Decision marks a wrinkle for streaming services trying to use marketing to win customers

Disney and Netflix logos
In lieu of Disney+, Disney is removing all Netflix-related ads.

The Walt Disney Company, about a month away from debuting its premiere streaming television service Disney+, will no longer run advertisements for Netflix on any of its television entertainment properties, The Wall Street Journal reported on Friday.

The decision from Disney not to allow advertisements for Netflix marks a wrinkle for both established and upstart streaming television services trying to woo new subscribers to their services. Linear television networks have long run ads for streaming services, and Netflix has been a reliable big spender for TV spots, even as linear ratings have continued to decline as consumers shift their attention to Netflix and other OTT viewing. Nearly every major streaming service ran ads during last month’s Emmys broadcast, for example, with Disney+ landing the first position in the night’s first ad break.

As traditional media companies get into the streaming space, though, the calculus to accept ads from now-direct competitors could change. Disney, which owns the television properties ABC and the Disney Channel, had initially planned to prevent all rival streaming services from running ads on its properties before it reversed course for every company—save Netflix—according to WSJ.

Netflix declined to comment on the report.

In a statement, Disney told Adweek, “The direct-to-consumer business has evolved, with many more entrants looking to advertise in traditional television, and across our portfolio of networks. While the initial decision was strictly advertising based, we reevaluated our strategy to reflect the comprehensive business relationships we have with many of these companies, as direct-to-consumer is one element.”

While Disney isn’t currently running Netflix ads on its entertainment properties like ABC, Freeform and FX, it will continue accepting them on ESPN and its other related sports networks.

ABC Entertainment president Karey Burke had referenced her company’s new strategy in August, telling reporters at the Television Critics Association’s summer press tour, “competing streamers want to advertise on our air; we just won’t let them.”

Disney, whose Disney+ service will debut on Nov. 12 at $6.99 a month, has been aggressively courting new customers for its service with a bundle option and a steeply discounted three-year membership. In a call with investors earlier this year, Disney CEO Bob Iger said that the company was treating the launch of Disney+ as “the most important product” the company has launched during his tenure at the company.

The service will have a slate of original programming based on Disney’s deep bench of IP from the Star Wars and Marvel cinematic universes, the company previously announced.

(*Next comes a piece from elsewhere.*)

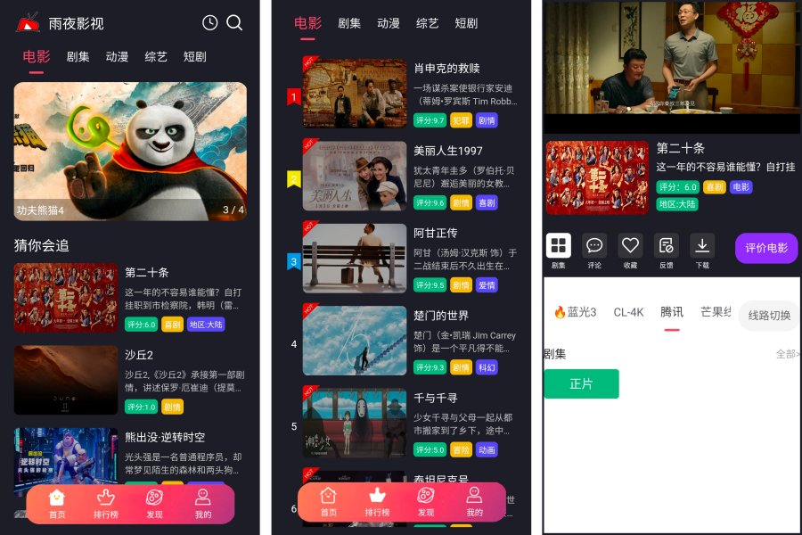雨夜影视是一款非常奈斯的影视播放神器,拥有海量电视电影、综艺动漫和热门短剧,各种类型和题材的作品应有尽有,用户可以根据自己的喜好和兴趣选择观看。

Disney isn’t the only traditional media company breaking into the streaming space. The broadcast giant NBCUniversal recently unveiled plans for Peacock, and WarnerMedia is readying the premiere of its streaming service HBOMax for next spring. Discovery is also working on developing a streaming service for next year, although many of the details haven’t yet been announced. As of now, those companies are continuing to accept advertising from Netflix and other soon-to-be-streaming-rivals on their respective networks.